WARN mismatches print to stderr but don't block the run. ERROR mismatches raise LockValidationError → exit code 1 with runbook hints.

CLI flags

Flag Behavior
(default) Validate; abort on ERROR, warn on WARN, proceed + write.
--strict-lock Upgrade every WARN to ERROR.
--update-lock Skip validation, always write. For intentional drift acceptance.
--ignore-lock Skip validation, don't write. For experimentation; the lock on disk stays stale.

The three flags are mutually exclusive. See CLI reference.

Determinism tiers

The determinism_class field records what tier the host supports:

  • strong — CUDA with all deterministic kernels available. Bit-exact reproduction expected across runs.
  • best-effort — MPS, ROCm, or CUDA without the full deterministic kernel set. Loss curves are close but not bit-identical.
  • advisory — CPU-only or a configuration where DLM refuses to promise determinism (some MPS ops fall here).

The golden integration test runs on CPU (tier advisory) and still passes because SmolLM2-135M doesn't exercise the nondeterministic kernels. On larger bases the CPU tier stops being bit-exact; that's honest and documented.

Regenerating the golden

When a pinned version changes deliberately (dep bump, llama.cpp tag move), the recorded adapter SHA must be refreshed:

# Dry run — report the old vs new SHA without writing.
$ uv run python scripts/regen-determinism-golden.py

# Review the diff; then approve:
$ uv run python scripts/regen-determinism-golden.py --approve

The script:

  1. Samples capture_runtime_versions() to produce the current tuple.
  2. Runs the tiny-model training twice; confirms the two SHAs match.
  3. Writes tests/golden/determinism/tuple-<hash>.json keyed by a SHA-256 of the sorted version tuple + platform.
  4. Upserts .determinism/lock.json with the tuple path, adapter SHA, platform, and pinned versions.

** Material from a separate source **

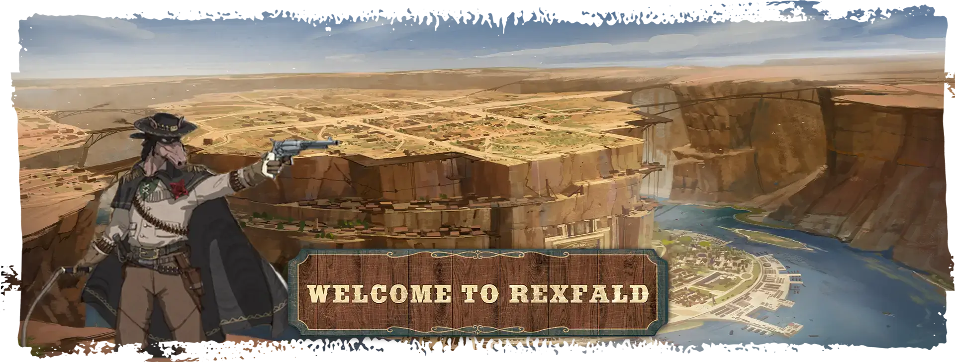 Ride across open prairie, red-rock desert, and primordial forests as you make a name for yourself on the Endless Frontier. Rexfald is a land where Tall Tales walk amongst common folk, Constellation Sheriffs face-off against dastardly Out-Liches, and Leyline Rails direct screaming Eternal Engines to the far-corners of every Territory. A land of myth and legend, where an unknowable Cryptic World tugs at the very foundations of Reality. For those that hold Grit and Glory in their heart, it is a frontier full of endless adventure.

Each tuple gets its own golden; the tuple file is keyed by content so running on a new platform simply writes a new golden file. The repo-level index keeps the checked-in set explicit and avoids overloading the per-store dlm.lock name with a second meaning. The reviewer checks in the tuple file and the index update alongside the dep bump.

Non-goals

  • Byte-exact reproducibility from pure source. DLM's replay corpus carries prior-run signal. Reconstructing a specific adapter without its replay history isn't possible — use dlm pack to archive.
  • Airgapped reproducibility. The first dlm train against a new base pulls from HuggingFace. Subsequent runs use the local cache. We don't currently ship a fully-offline path; --include-base on dlm pack is the workaround.
  • MPS bit-exactness for large bases. Apple's Metal kernels aren't deterministic for every op we use; the best-effort tier is an honest label, not a TODO.